I see you have your heaters normal Volts, also available at 12 Volts ...

... good idea, I'm guessing that 12V6 tubes might well be a lot cheaper ! :cool:


Your 'loudness' feature looks very 'practical' ...

... in all honesty, when I started using a tone-controls amp, after not having them ...

... a few dBs of bottom-end for my often lowish vol. listening is welcome !


I'm not quite sure how it works, but it seems to be linked to the attenuators level ...

... so it looks like you don't need an on/off switch, it's 'auto' depending on level ...

... neat ! :cool:


Valve rectifier as well. :p

I bet that 317 gets a bit HOT ! :hot:


I have some of the Ruskie 6SN7s coming, for hopefully a 'Valve Itch' RIAA ...
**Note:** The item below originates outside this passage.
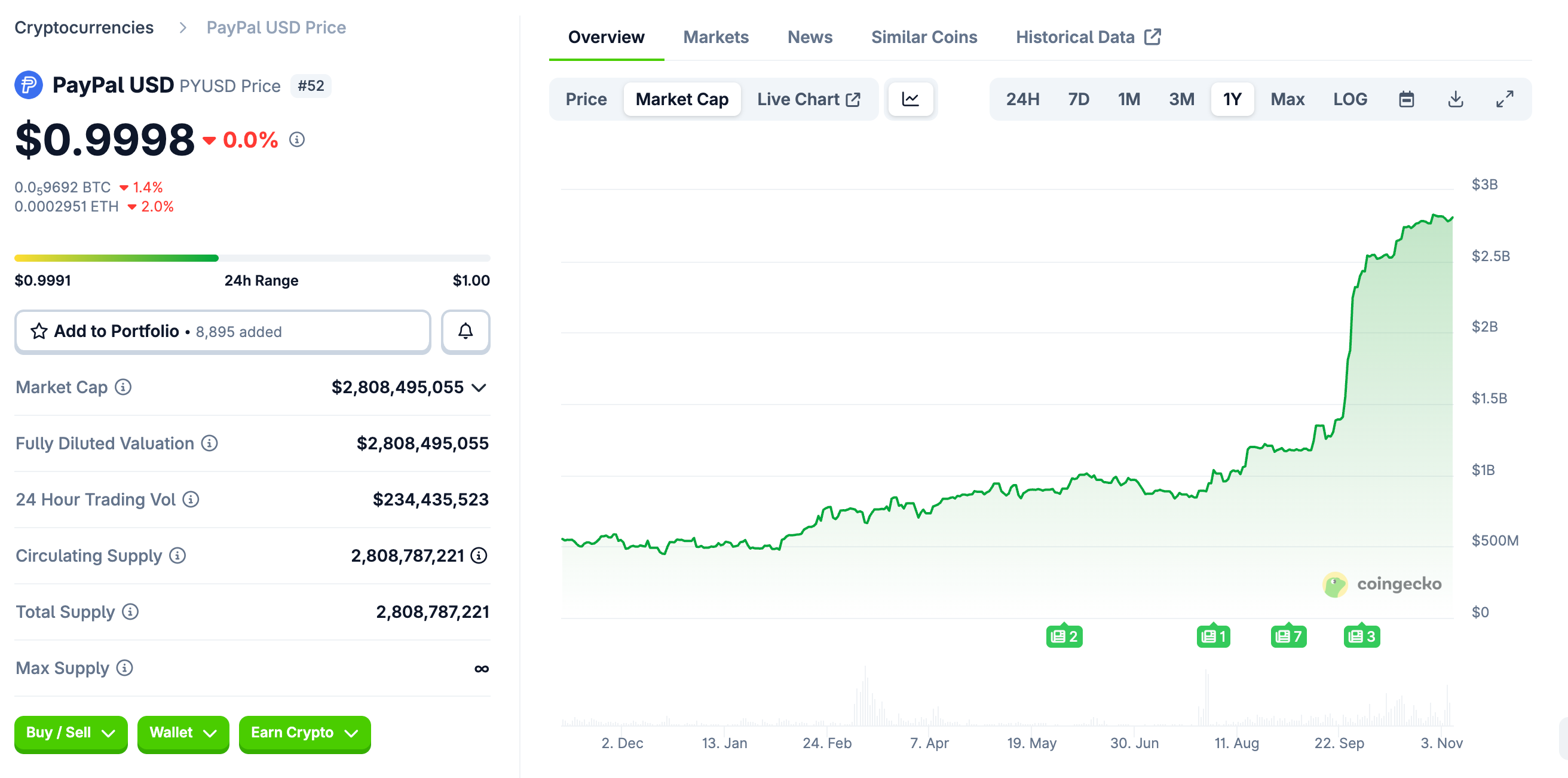 Стейблкоїн PYUSD від PayPal має ринкову капіталізацію в 2,8 мільярда доларів і розширився до мережі Stellar, орієнтованої на 170 країн. Функція компанії «Pay with Crypto» підтримує понад 200 000 продавців, які приймають платежі цифровими активами за допомогою миттєвої конвертації стабільних монет у фіат. Традиційні платіжні провайдери, включаючи Western Union, також вивчають пропозиції стейблкоїнів, оскільки регуляторна ясність покращується.

... got get slingin' that solder ! ;)



Si. :)

t.S.E.c

.
 
Here is my version of the 6V6 preamp. I am a firm believer in low impedance drive out for any kind of preamp.

6V6 line preamp

If someone needs a nice preamp with baffle step correction this would be very easy to add the line level circuit to, just at the 6SN7 grid :cool:

I need to build one up for myself, I've built six similar (with mosfets rather than 6SN7 for the buffer) for others, but still haven't built one to keep! I've got fourteen of the Russian 6P6S on hand still, and plenty of Russian 6N8S (6SN7) too.